Desember lalu, Pemerintah Australia menyatakan Google dan Facebook akan menyetujui aturan baru guna menjamin tidak ada penyalahgunaan kekuatan pasar, dan persaingan media jadi lebih kondusif. Jika aturan ini ditolak, Pemerintah Australia menegaskan akan memaksakan kontrol baru.
Model kompensasi nantinya berbasis pada biaya penyiapan konten jurnalistik, dan nilai tambah bagi platform digital pengguna.
Pemerintah Australia menyadari beratnya kendala seiring kegagalan negosiasi serupa di Perancis dan Spanyol. Model kompensasi nantinya berbasis pada biaya penyiapan konten jurnalistik, dan nilai tambah bagi platform digital pengguna.
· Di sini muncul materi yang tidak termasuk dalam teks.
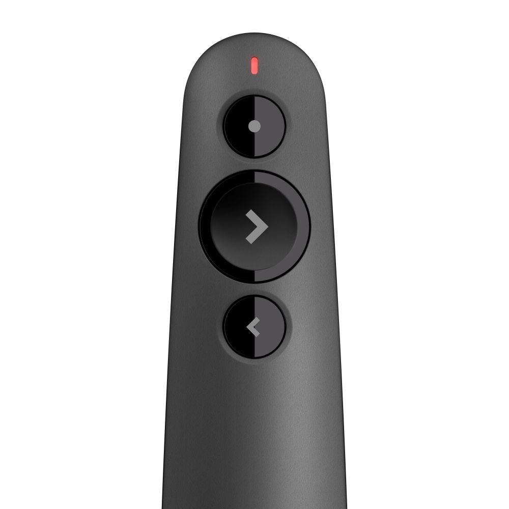 Prezenter R500, vam omogućuje navigaciju slajdova i laserski pokazivač sa do 20 metara. Izvedite prezentaciju s lakoćom i povjerenjem zahvaljujući besprijekornom dizajnu s tri tipke i uređaju koji udobno leži u ruci. Možete prilagoditi gumbe, provjeriti trajanje baterije i postaviti mjerač vremena na zaslonu u aplikaciji za prezentaciju Logitech.

Facebook kecewa terhadap pengumuman itu karena mereka merasa sudah berusaha mencapai kesepakatan bersama. Selain itu, juga sudah ada investasi untuk mendukung perusahaan media yang berjuang tetap hidup. Pernyataan senada dikatakan Google, yang menilai tingginya minat penggunaan Google semata karena relevansi dengan pengguna.
Sikap Australia, yang menjadikan nilai kompensasi, salah satunya berbasis pada biaya konten jurnalistik, menjadi pemikiran di berbagai belahan dunia termasuk Indonesia.
Liputan jurnalistik berkualitas sepatutnya tak cuma dilihat dari hasil akhir, saat dimuat di media cetak, tersiar di televisi, atau dipublikasikan di media daring. Proses pembuatan konten berawal dari ide-ide kreatif di tim redaksi, yang kemudian didiskusikan. Dari diskusi-diskusi itulah lantas muncul strategi peliputan dan strategi pemberitaan.
Proses peliputan tergolong berbiaya mahal. Keharusan media menghadirkan berita akurat, mewajibkan jurnalis datang ke lokasi kejadian, sehingga perlu biaya perjalanan, termasuk hadir di area terpencil. Di samping itu, ada kebutuhan untuk menggaji wartawan dengan upah yang layak.
Perusahaan-perusahaan media di sebuah negara juga punya catatan sejarah panjang sebagai the fourth estate (kekuatan keempat), selain Trias Politika (eksekutif, legislatif, yudikatif). Saat era merebut kemerdekaan, pers menggelorakan semangat perjuangan. Di masa pembangunan, pers menjadi jembatan informasi pemerintah-masyarakat, juga kerap menyuarakan aspirasi rakyat, atau menjalankan fungsi kontrol sosial terhadap pemerintah.
Amat disayangkan jika perusahaan media yang berperan strategis harus terpinggirkan. Selayaknya ada solusi yang menguntungkan semua pihak agar polemik ini tertuntaskan. Media-media nasional di banyak negara tetap menjadi aset bangsa, berjalan beriringan dengan platform digital.